READ: Skin cancer screenings target marathoners

But while the progress is promising, Dr. Tsao notes that dermatologists should be on the lookout for new challenges. They’re likely to need to monitor increased numbers of melanoma survivors, he says, and treatment-like the promising combination therapy of nivolumab and ipilimumab-can be highly toxic.

As a result, he says, dermatologists will face larger numbers of patients with cutaneous toxicities from drugs. “You don’t want them to get a second melanoma, and you want to improve their toxicities,” he says. “We’ll see dermatologists play more of a role in advanced disease.”

Gut reaction

Finally, Dr. Tsao says there’s one more melanoma-related research trend to keep an eye on. Early findings suggest that the gut microbiome plays a role in the response of the body to PD-L1-specific antibody (checkpoint blockade) therapy.4 While research in humans is needed to confirm suspicions raised by findings in mice, Dr.
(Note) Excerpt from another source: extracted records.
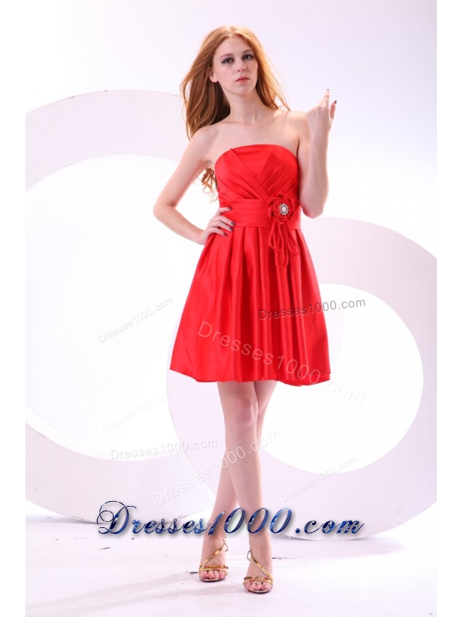 Simple Strapless Mini-length Red Prom Dress with Ruching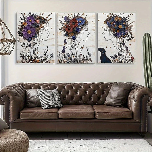 3pcs Elegant and Romantic Nature Flower Crown Metal Print Ready to Hang Art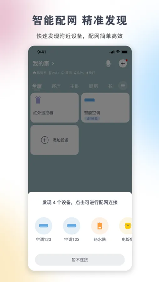 ·「设备联网」可通过扫描发现附近设备或扫机身二维码进行配网,实现远程控制。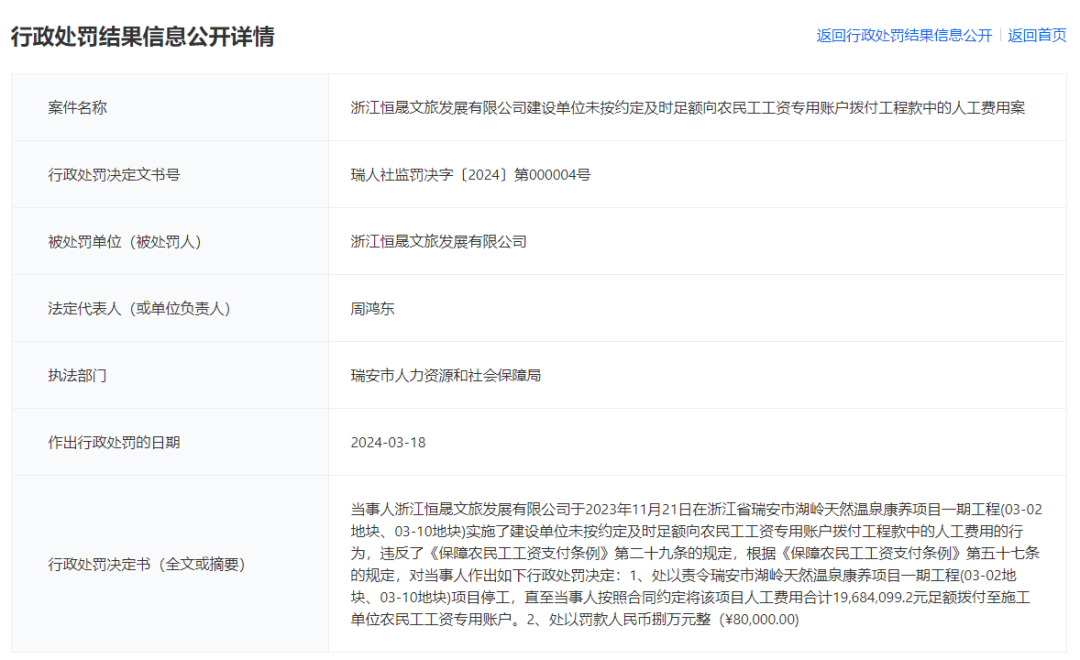 瑞安市人力资源和社会保障局直接勒令该公司按照合同约定将该项目人工费用合计19,684,099.2元足额拨付至施工单位农民工工资专用账户;恒晟公司也因未按照约定拨付农民工工资而被责令停工,并被处以罚款人民币8万元整。

Tsao puts it this way: “Who would have thought the bacteria in your gut might moderate your responses to drugs for melanoma?”

 

References

1. Rogers HW, Weinstock MA, Feldman SR, Coldiron BM. Incidence Estimate of Nonmelanoma Skin Cancer (Keratinocyte Carcinomas) in the U.S. Population, 2012. JAMA Dermatol. 2015;151(10):1081-6.

2. Holman DM, Berkowitz Z, Guy GP, Hawkins NA, Saraiya M, Watson M. Patterns of sunscreen use on the face and other exposed skin among US adults. J Am Acad Dermatol. 2015;73(1):83-92.e1.\

3. Martincorena I, Roshan A, Gerstung M, et al. Tumor evolution. High burden and pervasive positive selection of somatic mutations in normal human skin. Science. 2015;348(6237):880-6.

4. Vétizou M, Pitt JM, Daillère R, et al. Anticancer immunotherapy by CTLA-4 blockade relies on the gut microbiota. Science. 2015;350(6264):1079-84.